*What the exercise asks*
Lines from the line with "Mini Guarda-jóias em" to the line with "彭丽媛和南非总统夫人莫采佩在" in the entries below, and only those, must be output exactly, with both ends included.

*Source information*
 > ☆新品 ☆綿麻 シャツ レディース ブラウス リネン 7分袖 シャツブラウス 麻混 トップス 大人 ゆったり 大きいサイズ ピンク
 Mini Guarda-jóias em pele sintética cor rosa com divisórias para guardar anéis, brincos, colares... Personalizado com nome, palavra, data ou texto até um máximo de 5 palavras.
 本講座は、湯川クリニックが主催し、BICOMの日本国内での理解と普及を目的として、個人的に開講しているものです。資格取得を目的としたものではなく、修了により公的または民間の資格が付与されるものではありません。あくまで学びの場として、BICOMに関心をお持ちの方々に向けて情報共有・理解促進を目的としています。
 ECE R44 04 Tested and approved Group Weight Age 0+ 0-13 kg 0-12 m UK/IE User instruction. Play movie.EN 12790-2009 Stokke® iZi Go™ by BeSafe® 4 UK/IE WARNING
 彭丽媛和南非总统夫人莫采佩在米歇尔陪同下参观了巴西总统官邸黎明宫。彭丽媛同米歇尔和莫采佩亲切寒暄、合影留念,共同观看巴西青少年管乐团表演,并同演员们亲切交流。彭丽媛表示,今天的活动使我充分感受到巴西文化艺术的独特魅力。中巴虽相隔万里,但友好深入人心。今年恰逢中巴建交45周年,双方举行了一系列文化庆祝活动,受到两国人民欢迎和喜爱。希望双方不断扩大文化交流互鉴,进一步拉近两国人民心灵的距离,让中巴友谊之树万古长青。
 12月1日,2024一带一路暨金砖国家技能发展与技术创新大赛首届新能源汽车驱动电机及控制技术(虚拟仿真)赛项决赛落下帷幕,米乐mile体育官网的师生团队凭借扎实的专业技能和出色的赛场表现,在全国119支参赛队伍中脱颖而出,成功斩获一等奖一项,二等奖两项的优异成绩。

* * *

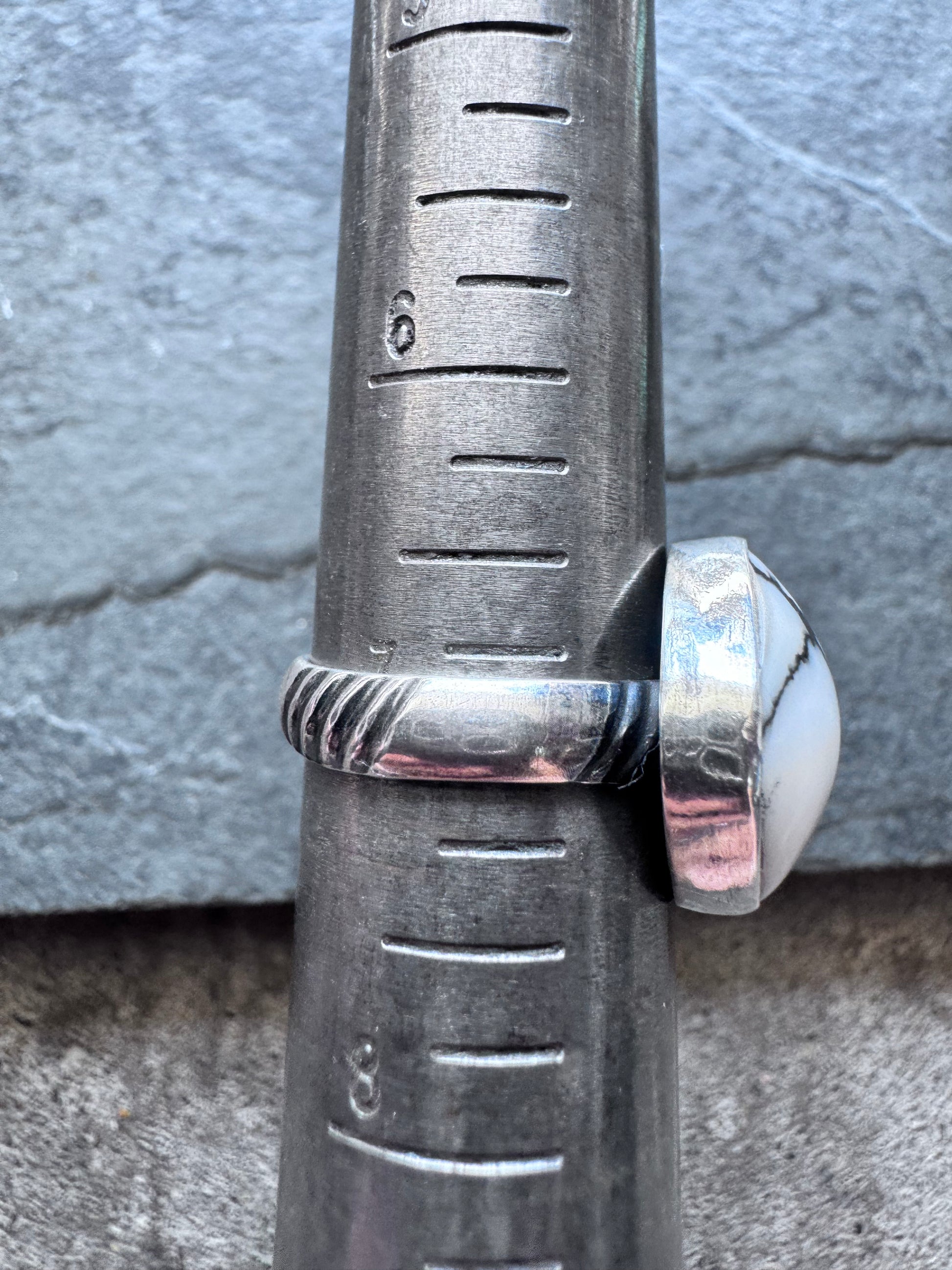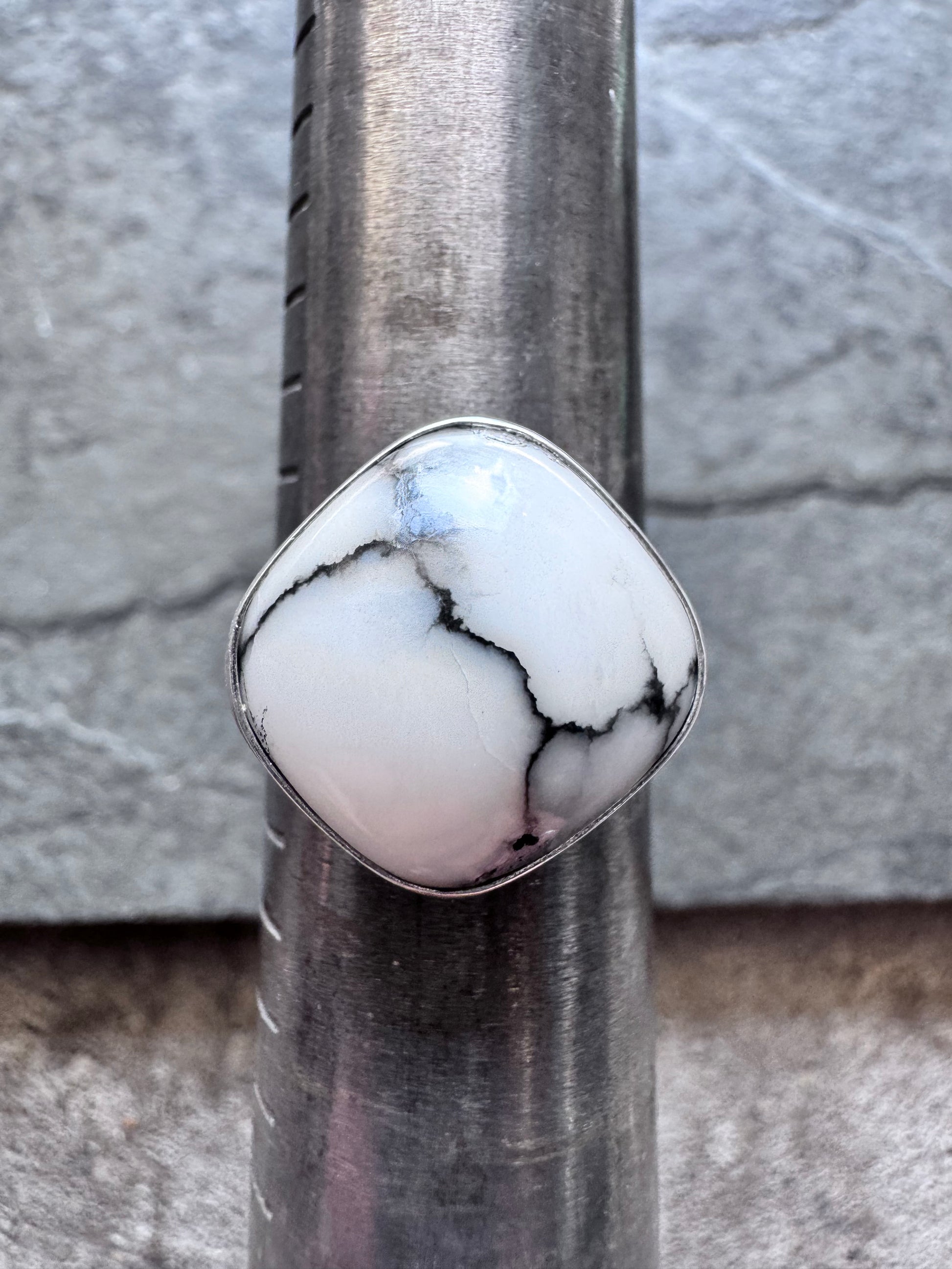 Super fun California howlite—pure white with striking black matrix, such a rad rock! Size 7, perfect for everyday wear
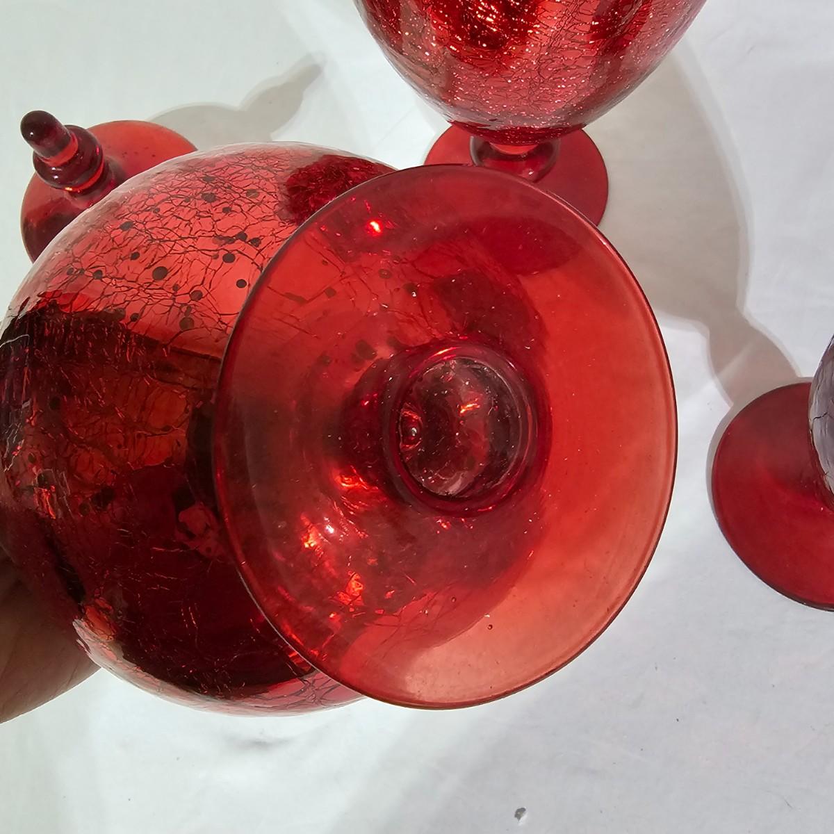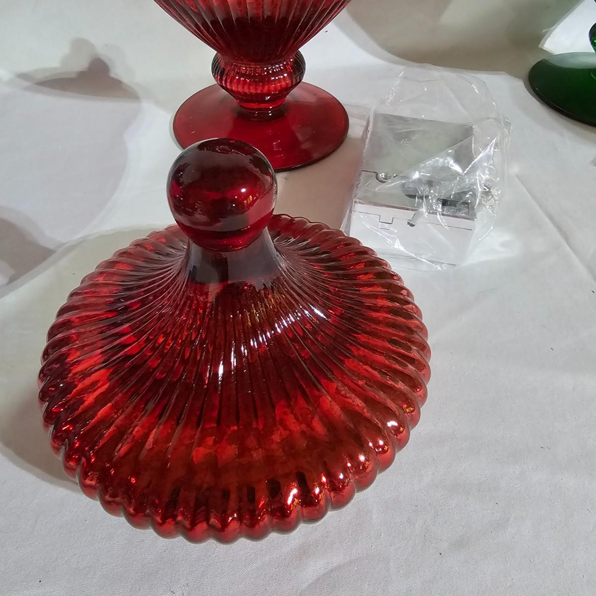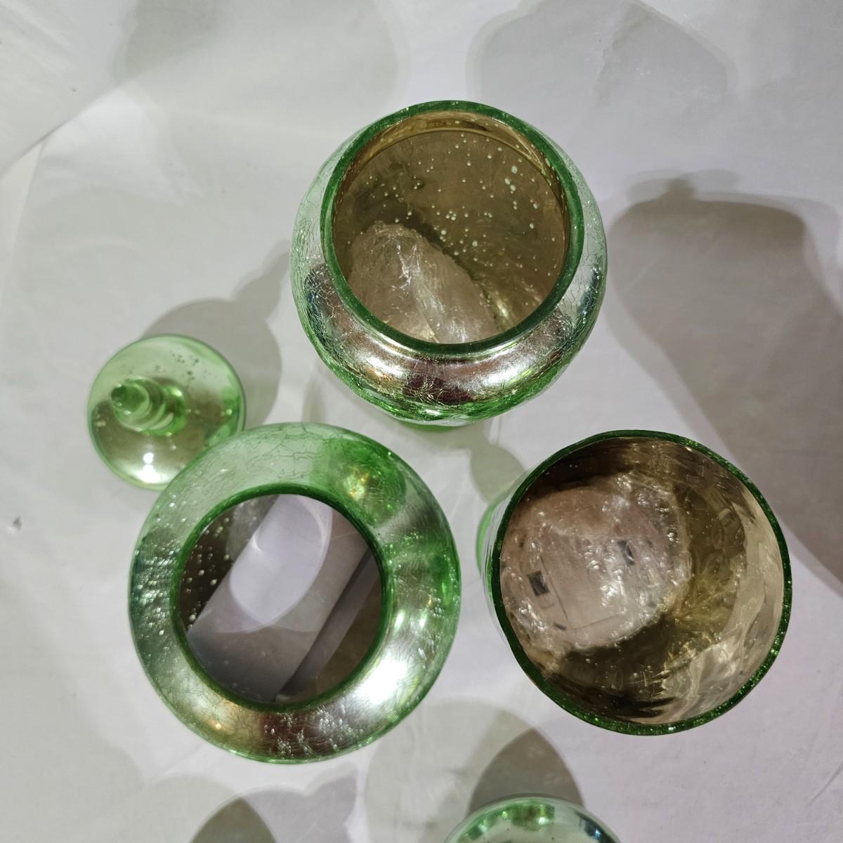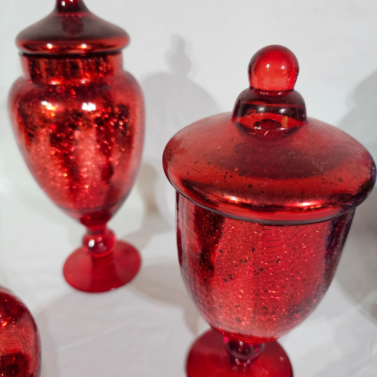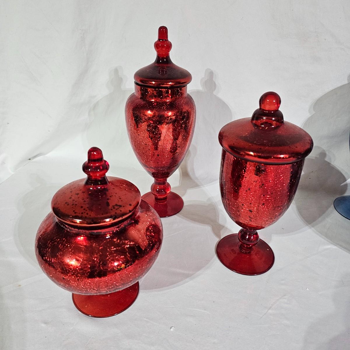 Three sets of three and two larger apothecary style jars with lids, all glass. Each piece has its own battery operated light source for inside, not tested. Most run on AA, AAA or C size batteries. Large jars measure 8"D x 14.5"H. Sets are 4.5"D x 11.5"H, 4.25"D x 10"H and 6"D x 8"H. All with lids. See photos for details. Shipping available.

*Exercise result*
 Mini Guarda-jóias em pele sintética cor rosa com divisórias para guardar anéis, brincos, colares... Personalizado com nome, palavra, data ou texto até um máximo de 5 palavras.
 本講座は、湯川クリニックが主催し、BICOMの日本国内での理解と普及を目的として、個人的に開講しているものです。資格取得を目的としたものではなく、修了により公的または民間の資格が付与されるものではありません。あくまで学びの場として、BICOMに関心をお持ちの方々に向けて情報共有・理解促進を目的としています。
 ECE R44 04 Tested and approved Group Weight Age 0+ 0-13 kg 0-12 m UK/IE User instruction. Play movie.EN 12790-2009 Stokke® iZi Go™ by BeSafe® 4 UK/IE WARNING
 彭丽媛和南非总统夫人莫采佩在米歇尔陪同下参观了巴西总统官邸黎明宫。彭丽媛同米歇尔和莫采佩亲切寒暄、合影留念,共同观看巴西青少年管乐团表演,并同演员们亲切交流。彭丽媛表示,今天的活动使我充分感受到巴西文化艺术的独特魅力。中巴虽相隔万里,但友好深入人心。今年恰逢中巴建交45周年,双方举行了一系列文化庆祝活动,受到两国人民欢迎和喜爱。希望双方不断扩大文化交流互鉴,进一步拉近两国人民心灵的距离,让中巴友谊之树万古长青。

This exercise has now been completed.